What you are asked to do: In the material below, find the line containing "Dokumen ini membincangkan" and the line containing "any shuffling. In". Output those two lines and all lines between them exactly, without pictures.

Data to use:
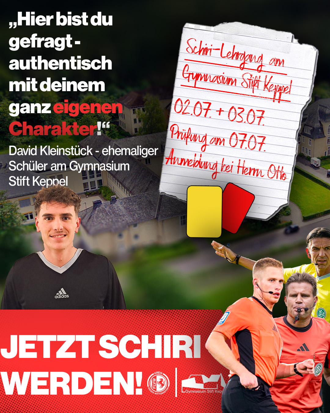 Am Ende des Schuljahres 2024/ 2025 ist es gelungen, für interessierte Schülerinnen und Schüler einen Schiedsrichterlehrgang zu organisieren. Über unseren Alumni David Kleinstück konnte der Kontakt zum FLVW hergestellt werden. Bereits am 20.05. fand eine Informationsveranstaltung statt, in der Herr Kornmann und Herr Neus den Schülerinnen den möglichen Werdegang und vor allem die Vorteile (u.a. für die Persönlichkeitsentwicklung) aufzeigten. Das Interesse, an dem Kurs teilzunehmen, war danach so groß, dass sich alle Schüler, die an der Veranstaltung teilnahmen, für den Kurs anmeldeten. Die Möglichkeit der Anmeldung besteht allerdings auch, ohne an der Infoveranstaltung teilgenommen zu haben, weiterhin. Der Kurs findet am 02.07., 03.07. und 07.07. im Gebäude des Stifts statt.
--
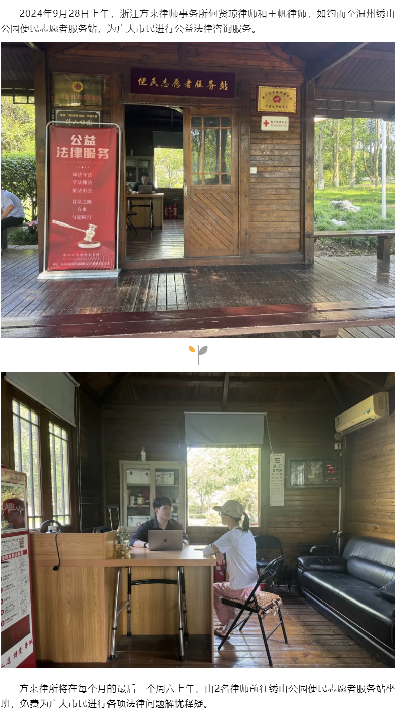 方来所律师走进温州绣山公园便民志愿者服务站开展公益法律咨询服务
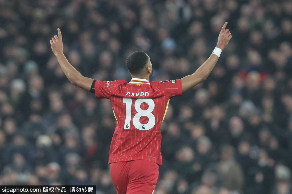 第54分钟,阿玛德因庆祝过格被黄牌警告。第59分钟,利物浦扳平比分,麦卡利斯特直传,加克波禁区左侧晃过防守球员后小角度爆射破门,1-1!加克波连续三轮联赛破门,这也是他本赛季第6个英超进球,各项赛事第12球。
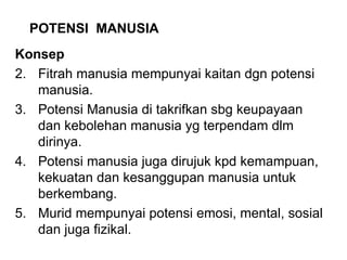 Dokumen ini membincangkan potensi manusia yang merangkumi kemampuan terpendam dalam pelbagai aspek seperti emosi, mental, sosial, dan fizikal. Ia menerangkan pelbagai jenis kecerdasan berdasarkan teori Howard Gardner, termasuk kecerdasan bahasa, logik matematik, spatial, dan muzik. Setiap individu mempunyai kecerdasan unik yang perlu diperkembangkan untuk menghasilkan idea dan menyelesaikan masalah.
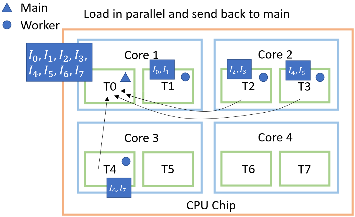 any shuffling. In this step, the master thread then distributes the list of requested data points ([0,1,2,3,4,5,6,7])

Response area:
 Dokumen ini membincangkan potensi manusia yang merangkumi kemampuan terpendam dalam pelbagai aspek seperti emosi, mental, sosial, dan fizikal. Ia menerangkan pelbagai jenis kecerdasan berdasarkan teori Howard Gardner, termasuk kecerdasan bahasa, logik matematik, spatial, dan muzik. Setiap individu mempunyai kecerdasan unik yang perlu diperkembangkan untuk menghasilkan idea dan menyelesaikan masalah.
 any shuffling. In this step, the master thread then distributes the list of requested data points ([0,1,2,3,4,5,6,7])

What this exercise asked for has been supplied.